The dataframe that will be used
+---------+-----------+-----+------+-----+------+------------+-------------+-----------+---------+---------+----------------+-------+
|street_id|postal_code|level|levels|rooms|  area|kitchen_area|building_type|object_type|  geo_lon|  geo_lat|publication_date|  label|
+---------+-----------+-----+------+-----+------+------------+-------------+-----------+---------+---------+----------------+-------+
|   492355|     420059|    3|     5|    1|32.000|       6.000|            1|          0| 49.14056|55.767838|   1636318800000|4550000|
|   403622|     423602|    3|     5|    2|55.000|      11.000|            4|          0|  51.9899| 55.75219|   1613336400000|2800000|
|   184388|     420034|    1|     5|    2|43.700|       5.500|            2|          0| 49.08531|55.820637|   1620075600000|3850000|
|   206227|     420097|    7|     9|    1|43.000|      11.000|            4|          0|49.152428|55.784595|   1622926800000|5990000|
|   269256|     420081|   16| 

In [13]:
# Make sure we still satisfy the requirements
df.count()

161425

In [14]:
from pyspark.sql.functions import col, from_unixtime, month, dayofmonth, sin, cos
from pyspark.ml import Transformer
from pyspark import keyword_only
from pyspark.ml.param.shared import HasInputCol, HasOutputCol
from pyspark.ml.util import DefaultParamsReadable, DefaultParamsWritable

class TimeEncoder(Transformer, HasInputCol, HasOutputCol, DefaultParamsReadable, DefaultParamsWritable):
    """
    A custom transformer to encode date using sin and cos
    """
    pi = 3.141592653589793
    
    @keyword_only
    def __init__(self, inputCol=None, outputCol=None):
        super(TimeEncoder, self).__init__()
        self._setDefault(inputCol="publication_date")
        kwargs = self._input_kwargs
        self.setParams(**kwargs)
    
    @keyword_only
    def setParams(self, input_col: str = "input", output_col: str = "output"):
        kwargs = self._input_kwargs
        self._set(**kwargs)

    def setInputCol(self, value):
        return self._set(inputCol=value)

    def getInputCol(self):
        return self.getOrDefault(self.inputCol)

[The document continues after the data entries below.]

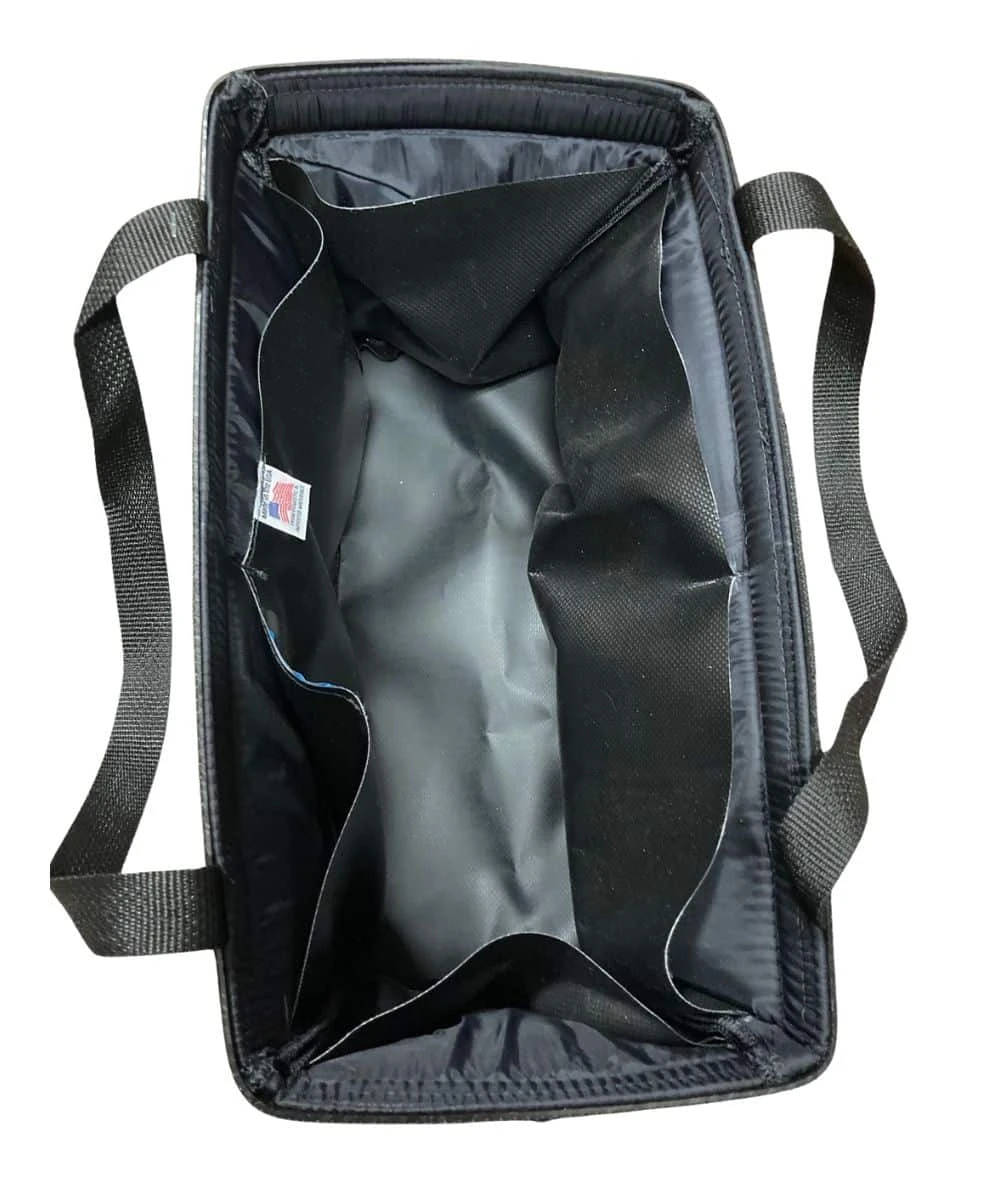 600 Denier Polyester; Vinyl Backing; Mesh Pocket On Front; Handles On Top; Padded Interior; 6 Interior Open Pockets; Measures Approximately: 15″ x 8″ x 9″; Made In USA; Style #G300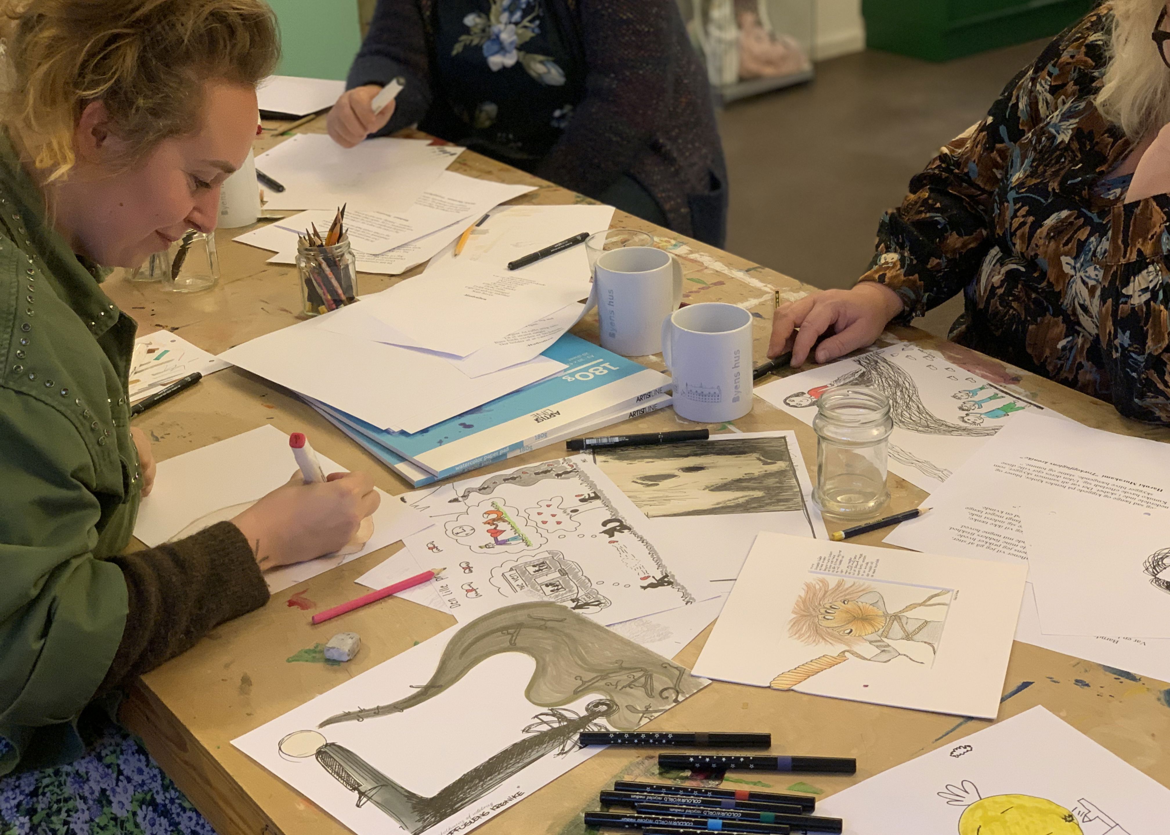 Tekst og tegning bygger på en kobling mellem litteratur og billedkunst. At finde skjulte skatte i tekster og formidle dem gennem billedkunst. Poesi eller små tekster/historier – måske indsamlet af skjulte skribenter rundt i Roskilde. En indsamlet skattekiste af følelser, fantasi og fortælling fra borger i Roskilde.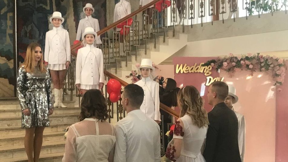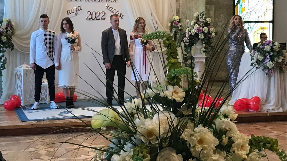«Один мінус, бо багато друзів не змогли сьогодні прийти на урочисту церемонію, бо понеділок – робочий день», – зазначив наречений Олександр Януль.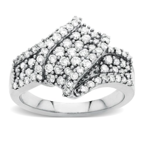 Sterling Silver Diamond Ribbon Design Ring, Size 7 (1 cttw, I-J Color, I2-I3 Clarity) Feature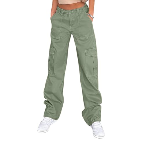 Women High Waisted Cargo Pants Wide Leg Casual Pants 6 Pocke...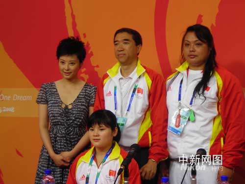 袁立(后左一)、中國代表團副團長盛世國(后左二)、殘奧舉重冠軍肖翠娟(后左三)、殘奧盲人柔道冠軍袁艷萍一起合影。

    def _transform(self, dataset):
        # Convert timestamp to date format
        dataset = dataset.withColumn("date", from_unixtime(col(self.getInputCol())))
        
        # Extract month, and day of month
        dataset = dataset.withColumn("month", month(col("date"))) \
                         .withColumn("day", dayofmonth(col("date")))

        # Encode month, day using sine and cosine functions
        dataset = dataset.withColumn("month_sin", sin(col("month") * (2 * self.pi / 12))) \
                         .withColumn("month_cos", cos(col("month") * (2 * self.pi / 12))) \
                         .withColumn("day_sin", sin(col("day") * (2 * self.pi / 31))) \
                         .withColumn("day_cos", cos(col("day") * (2 * self.pi / 31)))

        # Drop intermediate columns
        dataset = dataset.drop(self.getInputCol(), "date", "month", "day")
        return dataset

In [15]:
from pyspark.sql.functions import udf
from pyspark.sql.types import ArrayType, DoubleType
import math
from math import radians

class GeoToECEF(Transformer, HasInputCol, HasOutputCol):
    """
    Custom transformer to encode longtitude and latitude columns to the
    ECEF format
    """
    @keyword_only
    def __init__(self, inputCol=None, outputCol=None):
        super(GeoToECEF, self).__init__()
        self._setDefault(outputCol="ecef_coordinates")
        kwargs = self._input_kwargs
        self.setParams(**kwargs)
    
    @keyword_only
    def setParams(self, input_col: str = "input", output_col: str = "output"):
        kwargs = self._input_kwargs
        self._set(**kwargs)

    def setOutputCol(self, value):
        return self._set(outputCol=value)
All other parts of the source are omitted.